At trial Mr. Scanlon testified that Dominick’s maintained a policy against solicitation on its property. But on cross-examination he stated that the store allowed solicitation with permission. Moreover, there were no signs outside saying “No Soliciting.” Mr. Scanlon further stated that although Dominick’s did not allow people to solicit signatures, it did allow political candidates to walk through the store and shake hands with shoppers. He also testified that Dominick’s provided a bulletin board located inside the store where people could leave messages.

Defendant called Andrea Raila to testify in his defense. Ms. Raila was a campaign manager who collected signatures for political candidates and directed others in the collection of signatures. She stated that solicitors went to Dominick’s stores and that she had personally collected signatures there. During the past four years, she had collected signatures at Dominick’s 20 to 25 times and was never asked to leave or threatened with arrest. She further testified that she had been permitted to engage in that activity in the store when the weather was inclement. This testimony was unrefuted.

At the conclusion of trial, the court found defendant guilty as charged and sentenced him as set forth above. This appeal followed.

As a prelude to the analysis of the instant case, a synopsis of Federal constitutional law on the exercise of first amendment rights on privately owned property is necessary.

In Marsh v. Alabama (1946), 326 U.S. 501, 90 L. Ed. 265, 66 S. Ct. 276, Marsh, a member of Jehovah’s Witnesses, was convicted under Alabama’s criminal trespass statute for distributing religious literature on a company-owned sidewalk in a company-owned town.
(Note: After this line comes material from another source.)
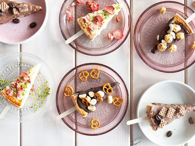 Steek in een punt (ontdooide) cheesecake een ijslollystokje en laat ze dan weer 30 minuten opstijven in de vriezer. Zet alle versieren klaar voor de cheesecake. Smelt bijvoorbeeld chocolade (naar wens witte, melk- of pure chocolade), zet bakjes klaar met nootjes, smarties, spekjes e.d. De gesmolten chocolade zorgt ervoor dat de versiering blijft plakken. Tip: leg de punten op bakpapier om geklieder te voorkomen!

The State contended that since the defendant engaged in these activities upon private, company-owned property, the landowner had the right to bar any activities it considered offensive. In reversing the conviction, the Supreme Court stated:

“The more an owner, for his advantage, opens up his property for use by the public in general, the more do his rights become circumscribed by the statutory and constitutional rights of those who use it. ***
*** The *** corporation cannot curtail the liberty of press and religion of these people consistently with the purposes of the Constitutional guarantees, and a state statute, as the one here involved, which enforces such action by criminally punishing those who attempt to distribute religious literature clearly violates the First and Fourteenth Amendments to the Constitution.” Marsh, 326 U.S. at 506-08, 90 L. Ed. at 268-69, 66 S. Ct. at 278-80.

In Marsh, the corporation, by establishing the town, providing streets, sidewalks, commercial establishments and other municipal accoutrements, had, in fact, taken over functions normally carried out by government. Under these conditions, the Court observed:

“[T]he circumstance that the property rights to the premises where the deprivation of liberty, here involved, took place, were held by others than the public, is not sufficient to justify the state’s permitting a corporation to govern a community of citizens so as to restrict their fundamental liberties and the enforcement of such restraint by the application of a state statute. In so far as the State has attempted to impose criminal punishment on appellant for undertaking to distribute religious literature in a company town, its action cannot stand.” 326 U.S. at 509, 90 L. Ed. at 270, 66 S. Ct. at 280.

The holding of Marsh was extended in Amalgamated Food Employees Union Local 590 v. Logan Valley Plaza (1968), 391 U.S. 308, 20 L. Ed. 2d 603, 88 S. Ct. 1601, the first of the “shopping center” cases. Logan Valley Plaza, Inc. (Logan), owned a large, newly developed shopping center complex known as Logan Valley Mall. At the time the events in question occurred, the mall was occupied by two businesses, Weis Markets, Inc. (Weis), and Sears Roebuck & Co. (Sears). Weis’ property consisted of an enclosed supermarket building, an open porch along the front of the building, and a five-foot-wide parcel pick-up zone running 30 to 40 feet along the porch. There were also extensive macadam parking lots serving the entire mall.

When Weis opened for business, it employed a wholly nonunion staff of employees. A few days after opening, Weis posted a sign on the exterior of its building prohibiting trespassing or soliciting by anyone other than its employees on its porch or parking lot. A few days thereafter, members of Amalgamated Food Employees Union, Local 590, began picketing Weis. The pickets were not employees of Weis, but rather, were all employees of competitors of Weis. This activity went on for about 10 days, was carried out almost entirely in the parcel pick-up area and that portion of the parking lot immediately adjacent thereto. The picketing was peaceful.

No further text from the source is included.